OUTPUT from the Gradients Calculation - NOTES ON GRADMAT

A direct access file of gradient information is output ready for input to PROLSQ (no longer available in the CCP4 Suite). The following items are output in this section:
(a)
The value of the minimisation function (PII). Plus the number of reflections included in the calculation of PII.
(b)
The average and peak values of the gradients and shifts.
(c)
The slope of the search direction and the initial step size used in the quadratic approximation to find the optimum step size.
(d)
For unrestrained refinement a table of estimated error against B-factor is given.
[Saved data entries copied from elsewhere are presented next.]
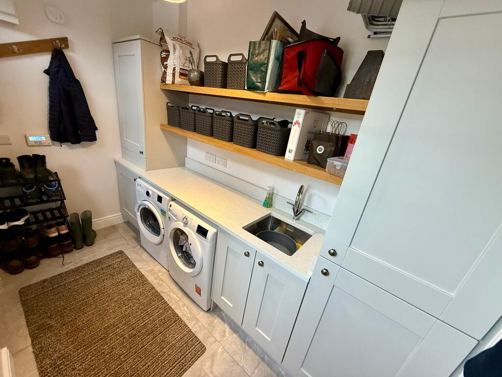 Utility Room 10'6 x 5'7 Low level units, Single drainer stainless steel sink unit with mixer tap, plumbed for washing machine, space for tumble dryer, tiled floor.
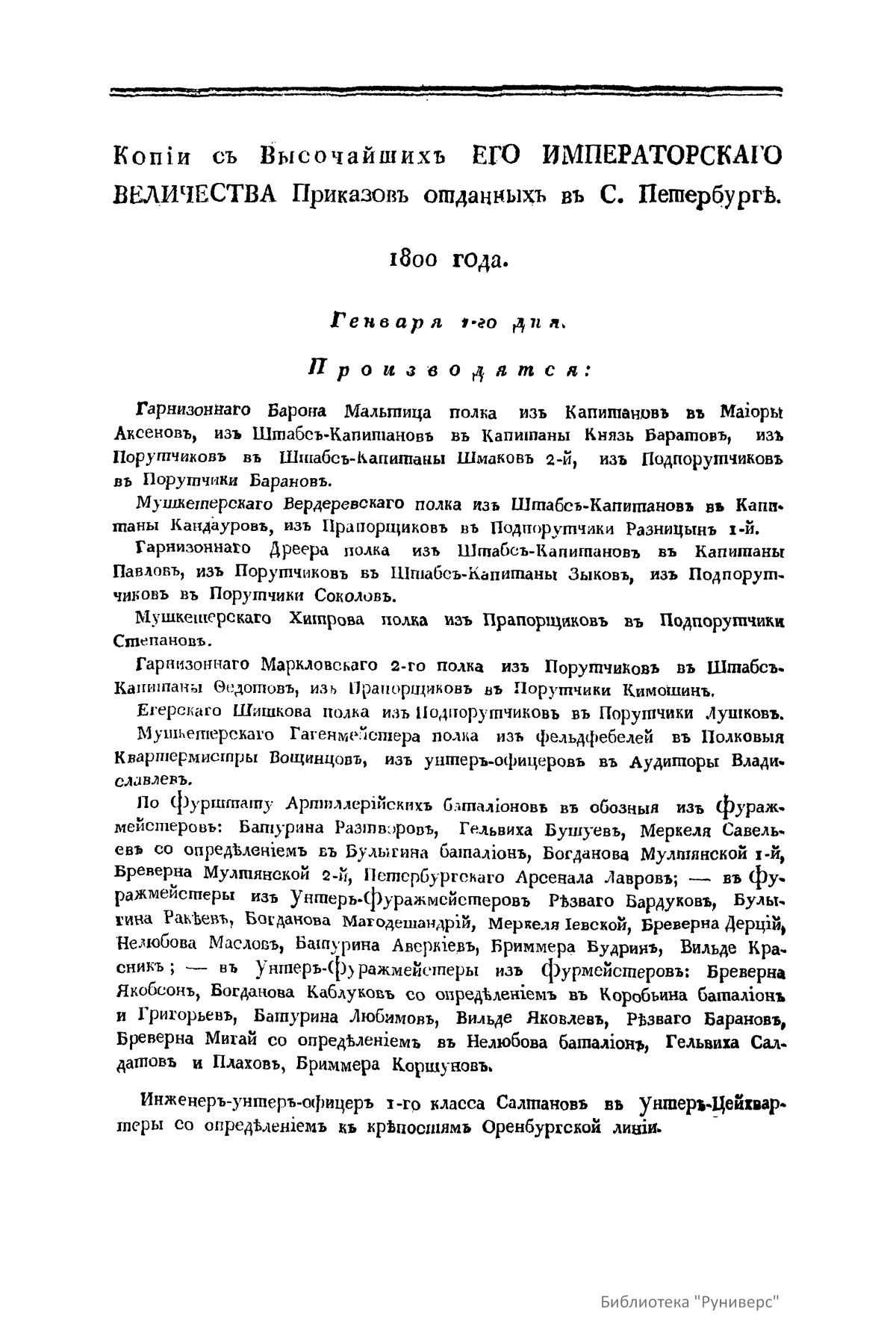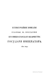 Всевысочайшие приказы, отданные в присутствии Его Императорского Величества Государя Императора, со вступления его на Всероссийкий престол. 1800
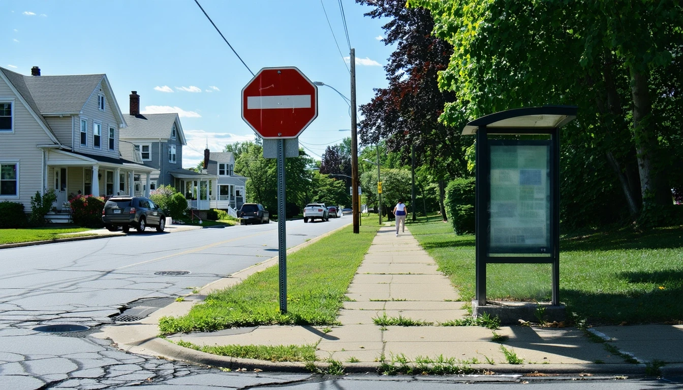 Typical residential street corner with bus stop in King Of Prussia, PA.
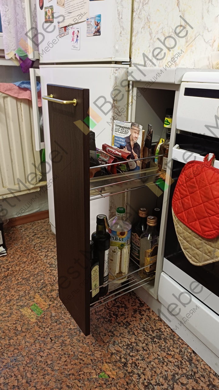 Заказывала в дополнение к кухне София, нужно было добавить узкий нестандартный шкафчик в небольшой промежуток. Получилось просто идеально, бутылочница встала как «доктор прописал».
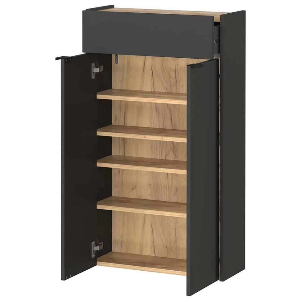 - Praktische Garderobenmöbel in Dunkelgrau und Wildeichefarben
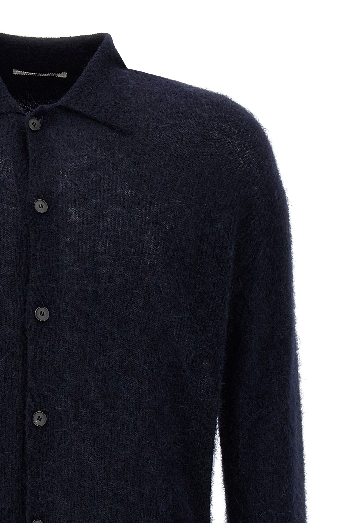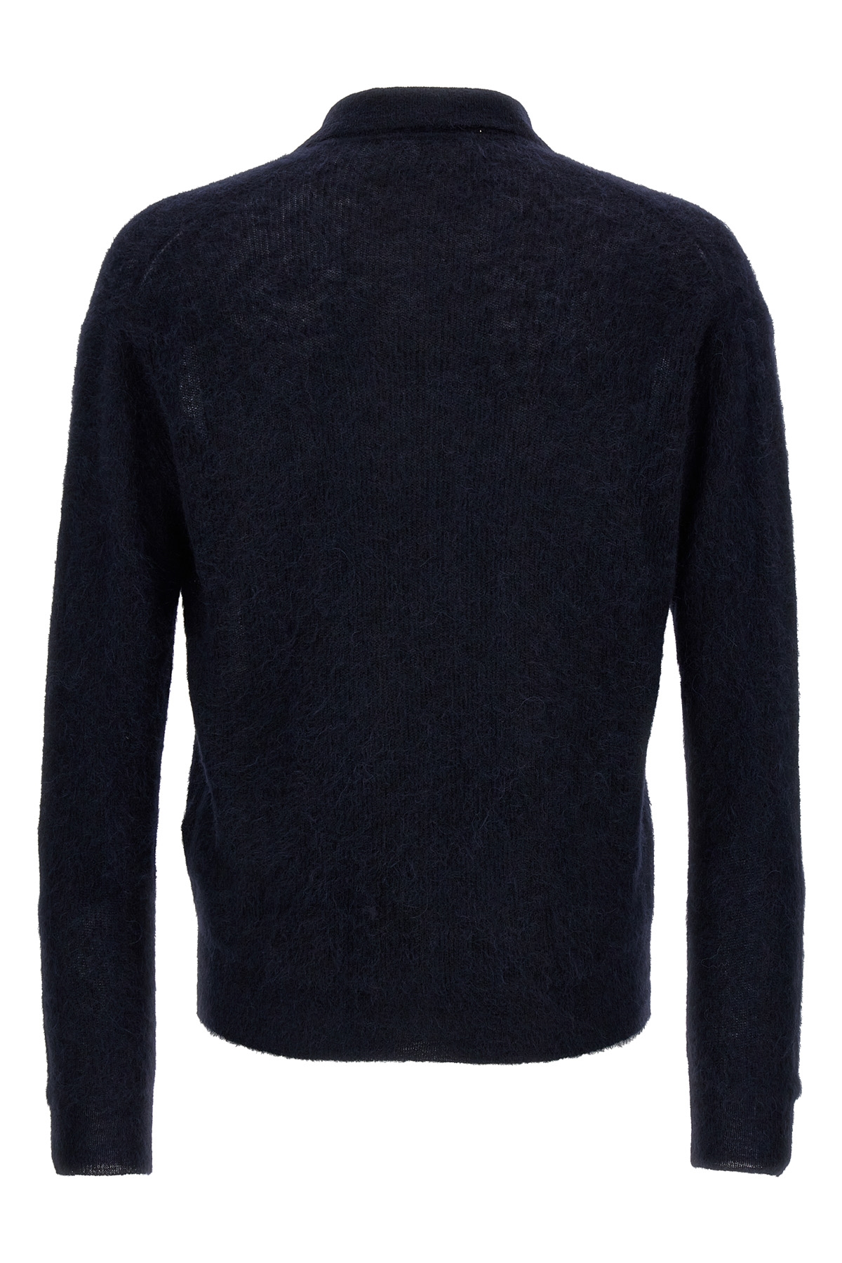 Baby alpaca blend sweater with collar and long cuffed sleeves.
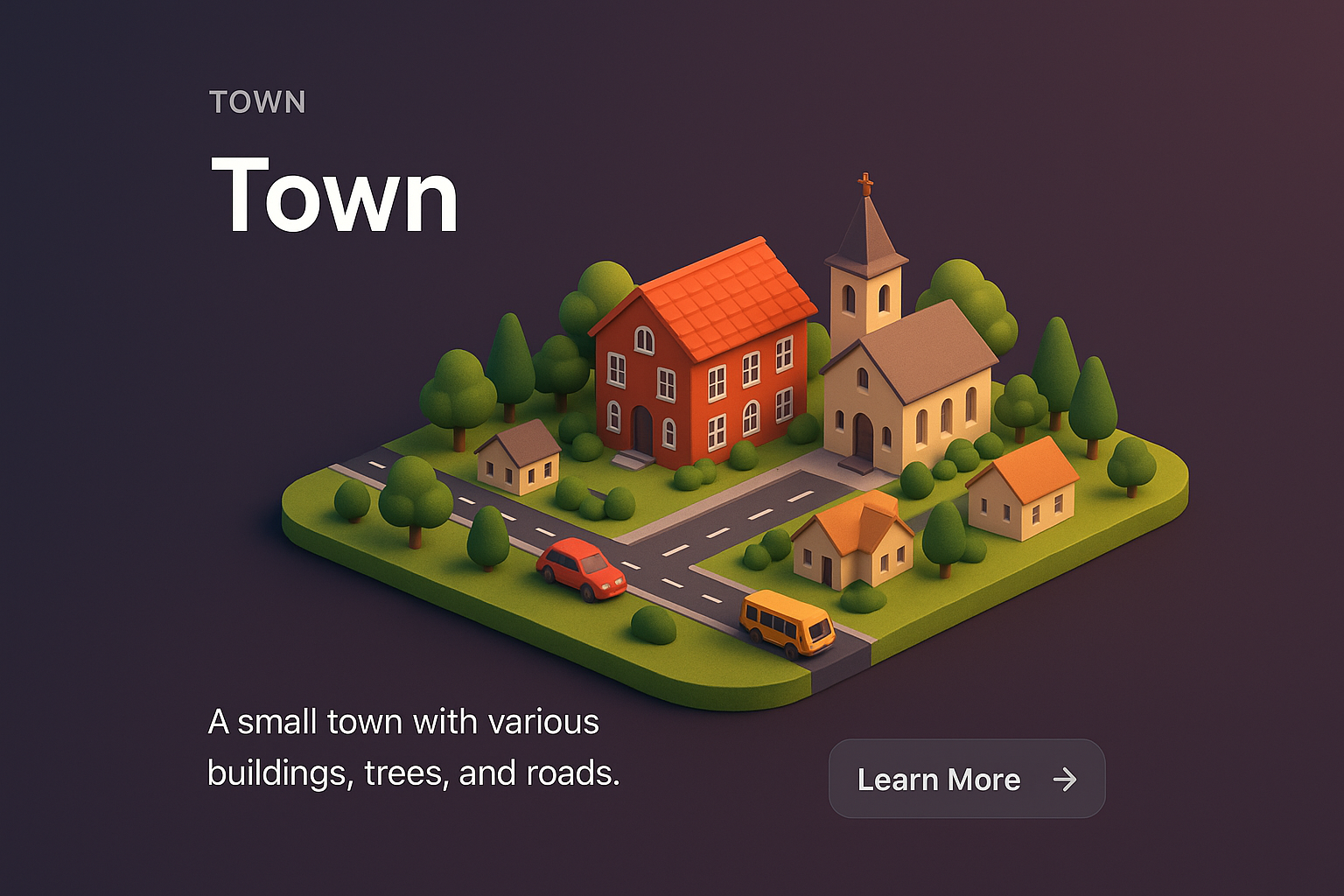 A visually appealing 3D representation of a small town, featuring buildings, trees, and roads in a zoomed-out perspective, set against a dark gradient background.
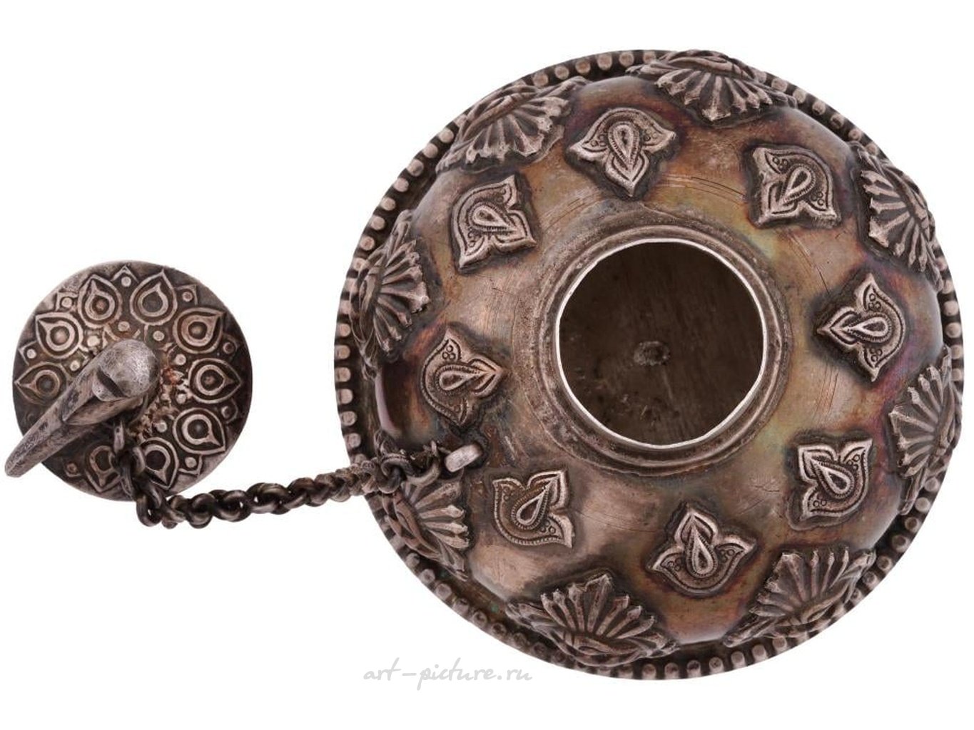 An antique Russian Imperial Bukhara hand crafted silver inkwell pot. Features floral and bird designs to the plaques mounted to the body, with a beaded lower rim. Comes with a lid decorated with a bird figurine on top. Linked to the pot with a chain. Hallmarked to the base with a 84 Russian silver proof mark. Circa the early 20th century. Weight: 142 g. Antique Inkwell Bowls And Religious Collectibles.
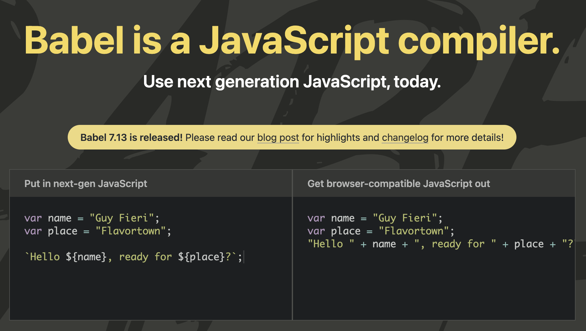 ES6 코드를 ES5 코드로 변환해주는 일에서 리액트의 JSX문법, 타입스크립트, 코드 압축, Proposal 까지 처리해준다.
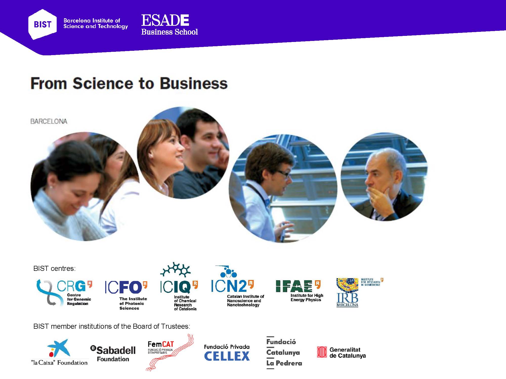 The Barcelona Institute of Science and Technology (BIST) and its participating centers are pleased to announce the organization of "From Science to Business", a 4-day intensive workshop on entrepreneurship in research, delivered in collaboration with ESADE Business School.
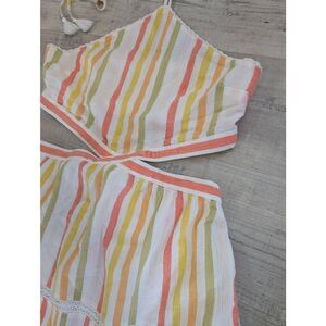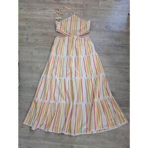 Aerie Striped Halter Maxi Dress Cutout Sides Smocked Back Tiered Summer Boho L
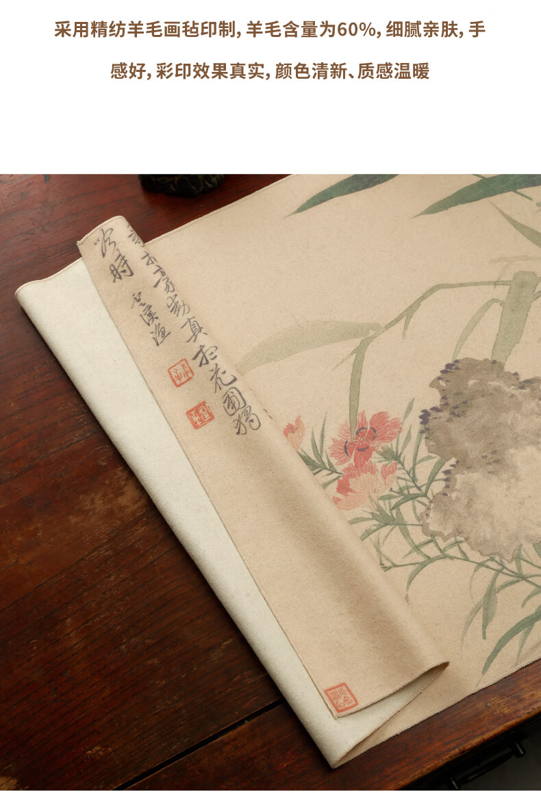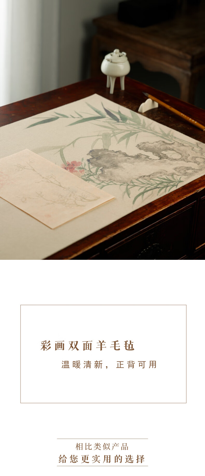 漢墨彩画锁边羊毛毛毡 创意卷装双层可用书法初夏毛毡垫 文房四宝毛笔练字作品专用毛毡布桌垫礼盒装   收藏

For each temperature range there is the number of atoms and the estimated error (standard deviation).

OUTPUT from the Calculation of the Optimum Shifts

This section gives PII (minimisation function) values, relative slopes, calculated optimum step sizes and, when determined, the actual step size used in applying the shifts.

NOTES ON STEPSIZE

R. Agarwal attempted to estimate the best step size to use during UNRESTRAINED refinement. A displacement of the form alphaDelta(u), which minimises the minimisation function of the least squares P(u + alphaDelta(u)), will be the optimum where alpha is the optimum step size. As P as a function of alpha approximates to a quadratic function, it is possible to calculate the optimum step size, alphaopt, from the values of P(alpha) at alpha = 0 and alpha = alpha1 and from the slope of P(alpha) at alpha = 0. The initial step size alpha1 used in the calculation is chosen as 1.0 or the value input in the control data. If the fractional change in step size is greater than SZFRC (by default 0.3) then a second calculation is done with alpha1 taken as the optimum step size just calculated.

COMMON PROBLEMS

  1. Problem: Warning after opening the input reflection file HKLIN about the sort order not being H K L.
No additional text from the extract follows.